HOW TO COMPLETE THIS TASK: When you return the data, keep every line exactly as it is and leave out the pictures.

DATASET EXCERPT:
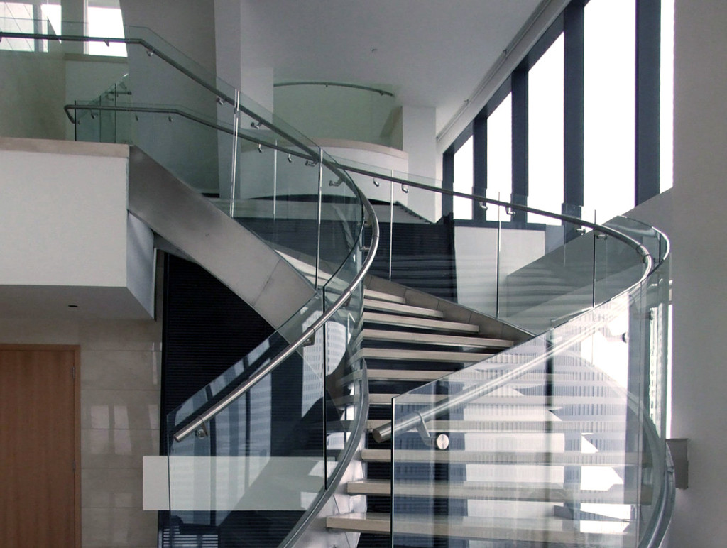 Стеклянные ограждения лестниц должны иметь определенные свойства, удовлетворяющие строительным нормам. В первую очередь от них требуется безопасность и надежность. Триплекс даже при сильном ударе не разлетается на осколки, способные поранить людей, при повреждении он просто покрывается сетью трещин и осыпается. Материал при нагревании изгибается, что позволяет изготавливать объемные цельностеклянные ограждения различной формы.
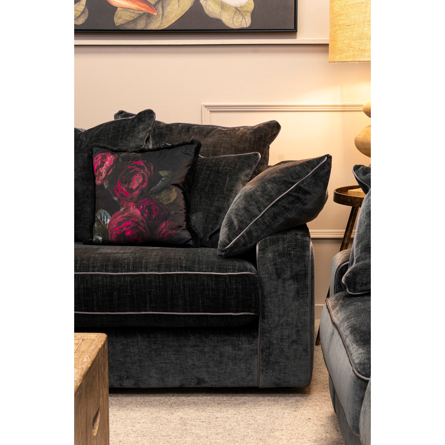 Introducing the Marilyn Small Sofa - Standard Back, a stunning piece that exudes glamour and sophistication. Available in Zelda Charcoal, this exquisite sofa features elegantly piped arms and cushions. With plush comfort and a sleek design, it offers the perfect balance. Crafted with high-quality materials, it transforms your living space into a luxurious oasis. Elevate your home with the Marilyn Small Sofa today and indulge in comfort and style.
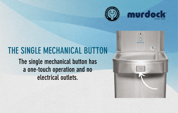 The Maintenance Advantage® single mechanical button feature from Murdock, a member of Morris Group International has a one-touch operation and no electrical outlets compared to other water coolers.

EXERCISE RESPONSE:
 Стеклянные ограждения лестниц должны иметь определенные свойства, удовлетворяющие строительным нормам. В первую очередь от них требуется безопасность и надежность. Триплекс даже при сильном ударе не разлетается на осколки, способные поранить людей, при повреждении он просто покрывается сетью трещин и осыпается. Материал при нагревании изгибается, что позволяет изготавливать объемные цельностеклянные ограждения различной формы.
 Introducing the Marilyn Small Sofa - Standard Back, a stunning piece that exudes glamour and sophistication. Available in Zelda Charcoal, this exquisite sofa features elegantly piped arms and cushions. With plush comfort and a sleek design, it offers the perfect balance. Crafted with high-quality materials, it transforms your living space into a luxurious oasis. Elevate your home with the Marilyn Small Sofa today and indulge in comfort and style.
 The Maintenance Advantage® single mechanical button feature from Murdock, a member of Morris Group International has a one-touch operation and no electrical outlets compared to other water coolers.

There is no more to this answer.